Dolera and Pelenza jumped and yelped. Tazi whirled around. 'What is it?' she demanded.
'Nothing,' Shamur said. 'I lost my balance and had to catch myself. I apologize for startling everyone.' Wondering where the spider could have come from-she'd certainly never seen such a specimen before, and she'd wandered from Sembia to the southern shores of the Moonsea in her time-she surreptitiously wiped her hand on her dark blue skirt.
Tazi pulled open the door, and lesser puzzles such as the origin of the spider-or a servant who grew antlers and went insane, for that matter-flew straight out of Shamur's mind.
The door, of course, should have opened on the benighted, cobbled, torch-lit turnaround where the carriage had let them off. Beyond that they should have seen the lights and towers of Selgaunt, not tangles of underbrush, and towering trees festooned with lianas. Not shafts of sunlight piercing the canopy to fall through the muggy air.
Speechless for once, Tazi squatted, reached across the threshold, picked up the fallen, withered petal of an orchid, and examined it closely. Shamur supposed it was her way of convincing herself that the jungle was actually there.
'Everything's all… scrambled,' the younger woman said at last. 'Changing. People take on new shapes, or go crazy. You get whisked from one location to another in the blink of an eye. Places that used to be next to one another… aren't any more.'
'Yes,' said Shamur. To herself she silently added, it isn't just space that's out of joint. Time is a little disordered too, if only in my head. Perhaps, she thought, she was reliving moments from the past because she was no longer quite as firmly anchored in the present as most people.

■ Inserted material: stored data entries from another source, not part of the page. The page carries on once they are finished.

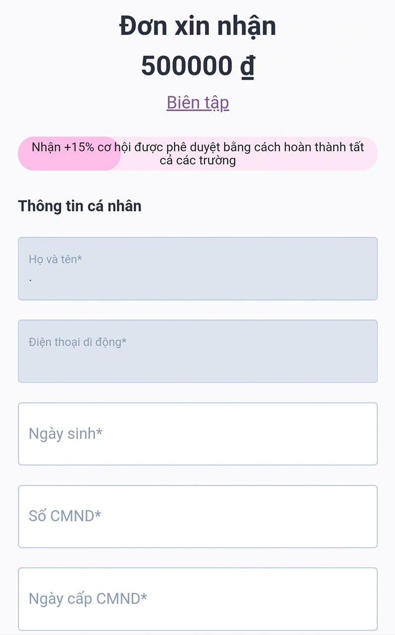 Ở bước này, các bạn cần điền đầy đủ thông tin cá nhân của mình một lần nữa gồm: Họ tên, số điện thoại, ngày sinh, Số CMND/CCCD và ngày cấp. Các thông tin được ghi phải thật đầy đủ và trùng khớp với CMND/CCCD mà bạn sử dụng đăng ký thì khả năng được các công ty cho vay sẽ cao hơn.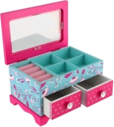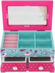 Gornji dio s ogledalcem i podijeljenim pretincima plus dvije prostrane ladice drže nakit i sitnice pregledno na svom mjestu.
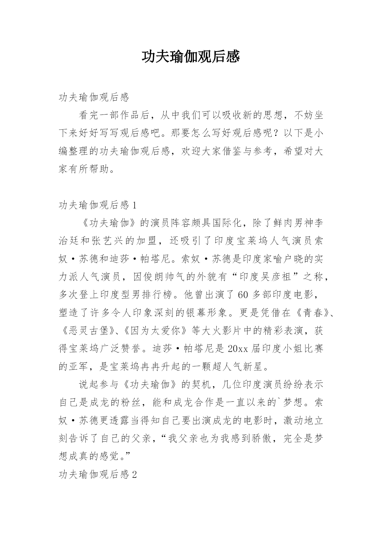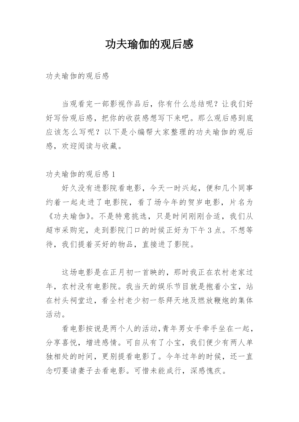 功夫瑜伽的观后感功夫瑜伽的观后感当观看完一部影视作品后,你有什么总结呢?让我们好好写份观后感,把你的收获感想写下来吧。那么观后感到底应该怎么写呢?以下是小编帮大家整理的功夫瑜伽的观后感,欢迎阅读与收藏。功夫瑜伽的观后感1好久没有进影院看电影,今天一时兴起,便和几个同事约着一起走进了电影院,看了场今年的贺岁电影,片名为《功夫瑜伽》。不是特意挑选,只是时间刚刚合适,我们从超市采购完,走到影院门口的时候正好为下午3点。不想等待,我们提着买好的物品,直接进了影院。这场电影是在正月初一首映的,那时我正在农村老家过年

'How can this be happening?' Dolera wailed.
'I don't know,' Shamur replied, 'but if we remain calm-'
'Hush, and listen!' Tazi said.
When Shamur did, she heard sobs, bestial roaring, and demented laughter echoing softly from elsewhere in the building. But the most ominous sound of all was the dissonant chords and staggering rhythms of Guerren Bloodquill's opera.

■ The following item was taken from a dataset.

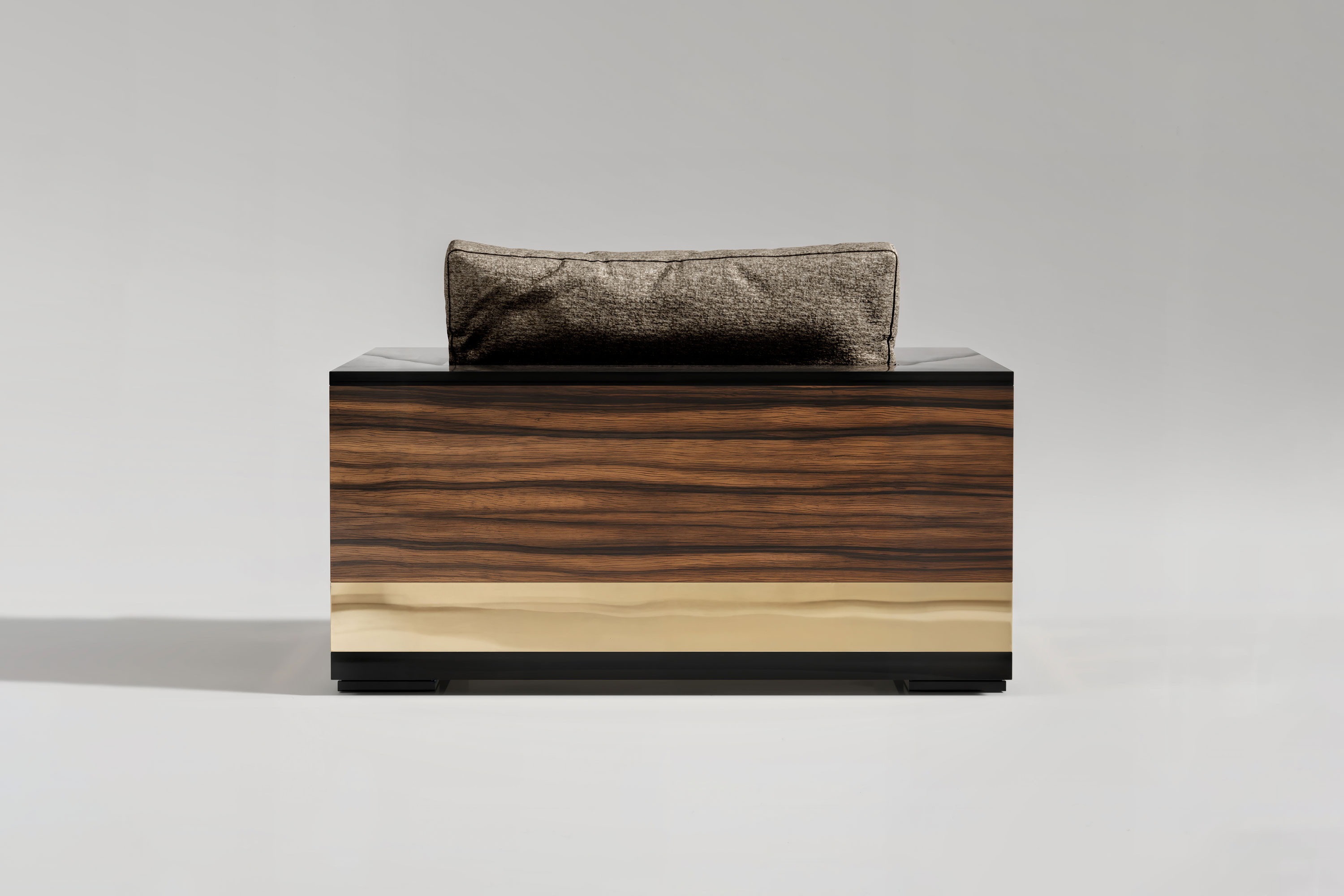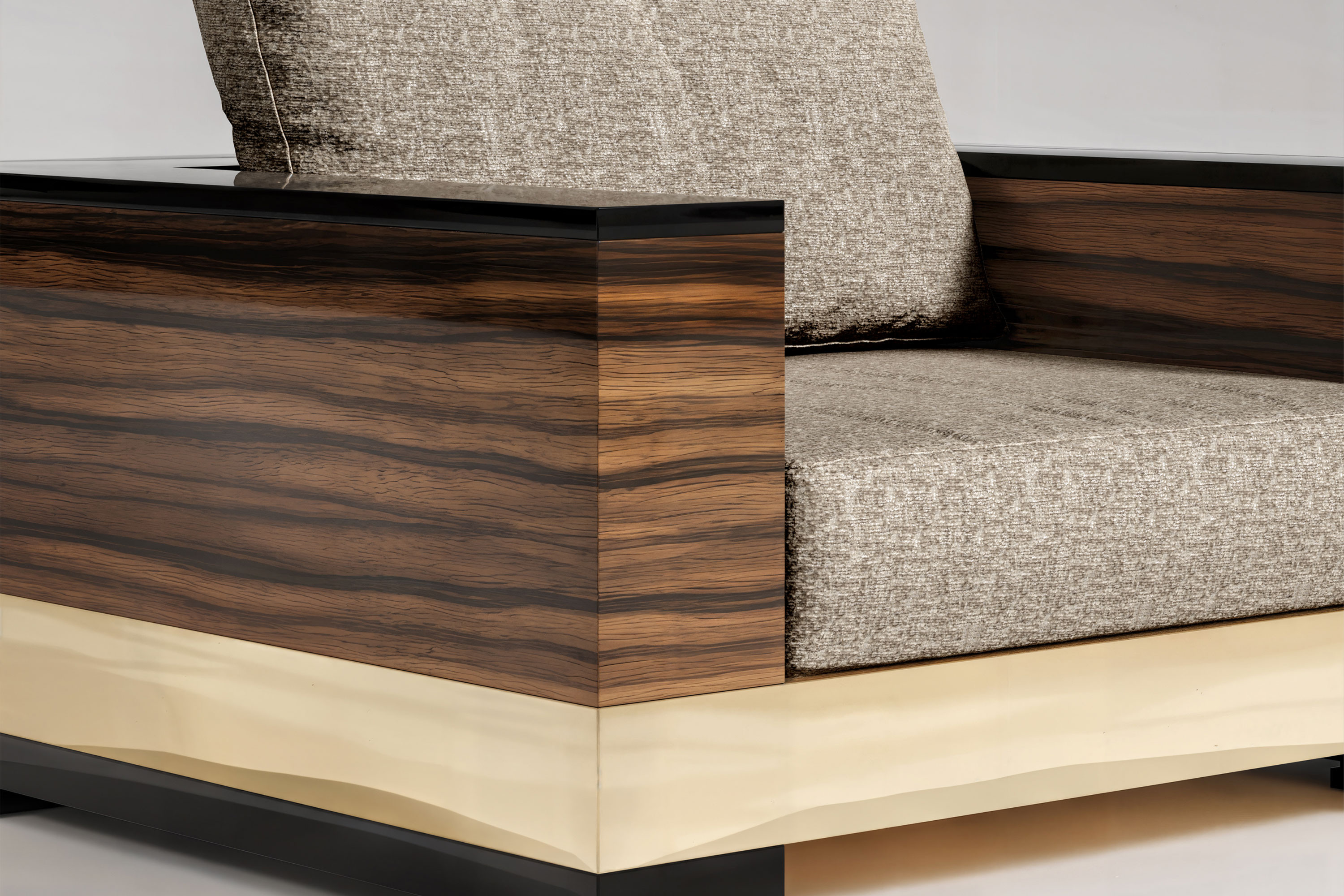 This piece executes a breathtaking symphony of premium materials. The exterior shell is meticulously crafted from rare Ziricote veneer, celebrated worldwide for its dramatic, striking grain patterns that ensure every chair is a singular work of art. This rich, organic frame is elegantly elevated by a radiant, high-polished bronze base and flawlessly accented with sleek, obsidian black lacquer detailing. The interplay between the earthy warmth of the rare wood, the luminous golden metal, and the severe dark lacquer creates a dynamic, highly tailored visual tension.

'Should we still be able to hear the music?' Tazi asked. 'With so many walls between us and the amphitheater?'
'I wouldn't think so,' Shamur replied. 'That lends credence to the notion that it's the opera itself that is magical and producing the phenomena we're experiencing. That in turn suggests a solution. Since we can't leave the building, at least not through this particular exit, you three will take refuge in a suitable room. One with a door you can lock or barricade. Meanwhile, I'll return to the amphitheater and prevail on Andeth, or the singers and instrumentalists themselves, to halt the performance. One can only hope that when that occurs, our surroundings will revert to normal.'
Tazi clicked her tongue in derision. 'Have you gone crazy, too?'
'I trust not,' Shamur said.
'I can see why you want to rid yourself of these two,' Tazi continued, indicating the Foxmantle sisters with a casual jab of the long sword. 'They're useless.' Her tone was so scornful that, despite her terror, Dolera bridled. 'But when it comes to you and me, I'm the one who knows how to fight. You need me for protection.'
'Nonsense. I can manage for myself, and I'll do so more easily knowing you're safe.'
'Nobody will be truly safe until the enchantment is broken,' Tazi retorted. 'Anyway, I'm not missing out on the excitement. I'm coming with you, and that's that.'
Obviously no argument could dissuade her. Shamur would simply have to hope that no further dangers would present themselves. 'Very well,' she said, then turned to the Foxmantles. 'My dears, if you'll accompany us, we'll find you some shelter.'
The four noblewomen proceeded down a promising-looking corridor and soon found a small storeroom with a sturdy door. Blubbering, Pelenza clutched at Shamur when she tried to leave. The Uskevren matriarch extricated herself as gently as her impatience would allow; then she and Tazi made their exit.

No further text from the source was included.